על החלומות, ספר א ג׳On Dreams, Book I 3

א׳
1[14] Enough on these points. The next thing to inquire is why, when four wells are dug by Abraham and Isaac and those about them (Gen. 21:25, 26:19–23), the fourth and last received as its name “Oath.”
ב׳
2[15] Probably Moses wishes to shew us allegorically that while both the constituents of which the universe is composed, and those from which we ourselves were moulded and so fashioned into human shape, are four in number, three of them are such as can in one way or another be apprehended, but the fourth is universally held to be beyond our powers of apprehension.
ג׳
3[16] In the world, then, we find the constituents that make up the whole to be four, earth, water, air, heaven. To three of these properties have been allotted, the discovery of which may be difficult, but is not wholly impossible.
ד׳
4[17] For, as regards earth, we perceive that it is a body, heavy, indissoluble, firm, cut up into mountain-ranges and level plains, divided by rivers and sea, so that parts of it are islands, part continents; that some of it has a light thin soil, some of it a deep soil; some of it rough, stiff, stony, and altogether barren, some level and soft and very fertile. These and a thousand other points we apprehend.
ה׳
5[18] As to water again, we perceive that it has several of the properties just enumerated in common with land, and others peculiar to itself; for some of it is sweet, some brackish, other parts marked by other differences; some water is fit to drink, other water unfit.

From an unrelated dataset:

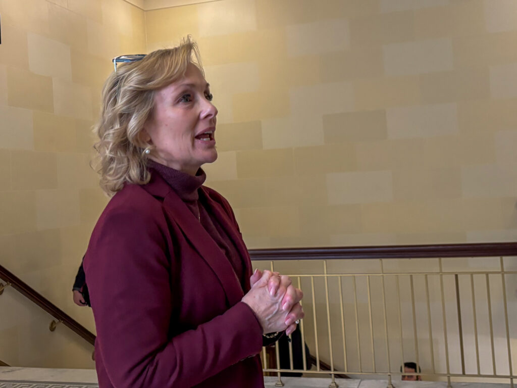 Utah Auditor Tina Cannon speaks to reporters at the Utah State Capitol in Salt Lake City on Friday, March 7, 2025. (Kyle Dunphey/Utah News Dispatch)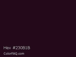 Hex #230b1b Color is a almost black magenta color and the nearest color is Gondola #261414. Hex code #230b1b and RGB value is rgb(35,11,27). In RGB color space, this color is composed of 14% red, 4% green, 11% blue, In CMYK color space, this color is composed of 0% cyan, 69% magenta, 23% yellow , 86% black , In HSL color space, this color has a hue angle of 320° , 52% saturation and 9% lightness.

We know too it has not either of these properties alike for all; one kind of water is drinkable by some but not by others, and what is undrinkable by some is quite drinkable by others; and that some is by nature cold, some by nature hot:
ו׳
6[19] for there are a thousand springs, in many places giving forth boiling water, and that not only on land, but in the sea. Yes, there have before now appeared veins emitting boiling water in mid ocean, which all the force of the surrounding seas pouring over them from time immemorial has been powerless to quench or even in any measure to check.
ז׳
7[20] Again we perceive that the air has a nature which gives way to the pressure of the objects around it; that it is the instrument of life, of breathing, of sight, hearing and the other senses; that it admits of density and rarity, of motion and stillness, that it undergoes all kinds of change; that it is the source of winter and summer, and of the autumn and spring seasons, that is, of the constituent parts that fix the limits of the year’s cycle.